IBD is a chronic disease whose treatment is sometimes complex because there is no established marker to indicate which treatments will work better on each patient. In the past years, studies have been performed to determine response-related factors, with recent interest in genetic predisposition to explain loss of response.1 Development of antiTNF-α antibodies (immunogenicity) has been related to the loss-of-response to antiTNF drugs and to the development of side effects.2, 3, 4, 5 Based on this, some authors link response to biologics and tolerance to having the HLA-DQ A1*05 allele, and have therefore proposed determining this allele to decide what to prescribe.2, 3, 5
Besides genetics, other factors such as the amount of inflammation may influence response to biologic treatment and, therefore, treatment duration. This depends on disease extension,6 flare severity,1 having perianal disease7 or extraintestinal symptoms.1 The type of biologic that is used8 and co-treatments9, 10 also play an important role in therapeutic response, as well as side effects that may lead to treatment interruption.
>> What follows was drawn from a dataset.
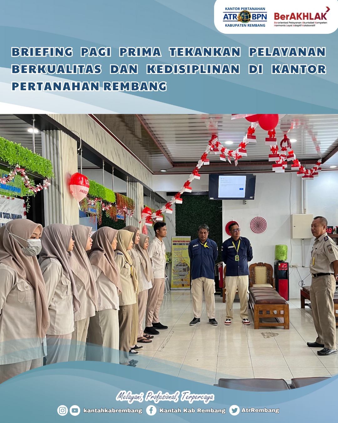 Rembang – Kantor Pertanahan Kabupaten Rembang menggelar Briefing Pagi Prima yang dipimpin oleh Manager Loket, Nuryanto, pada Senin (11/08/2025). Kegiatan ini diikuti oleh seluruh Petugas Loket dan Satpam, bertempat di area pelayanan kantor.

Nevertheless, the interaction of genetic, clinical and therapeutic factors on the risk of treatment interruption has not been widely studied, and even less with the most recent biological drugs.
Our hypothesis was that biological treatment discontinuation depends not only on HLA-DQA1*05, but also, and more importantly, on clinical and therapeutic factors in real-life-practice. Our objective was to evaluate the influence of clinical and therapeutic factors, along with HLA, in biological treatment discontinuation.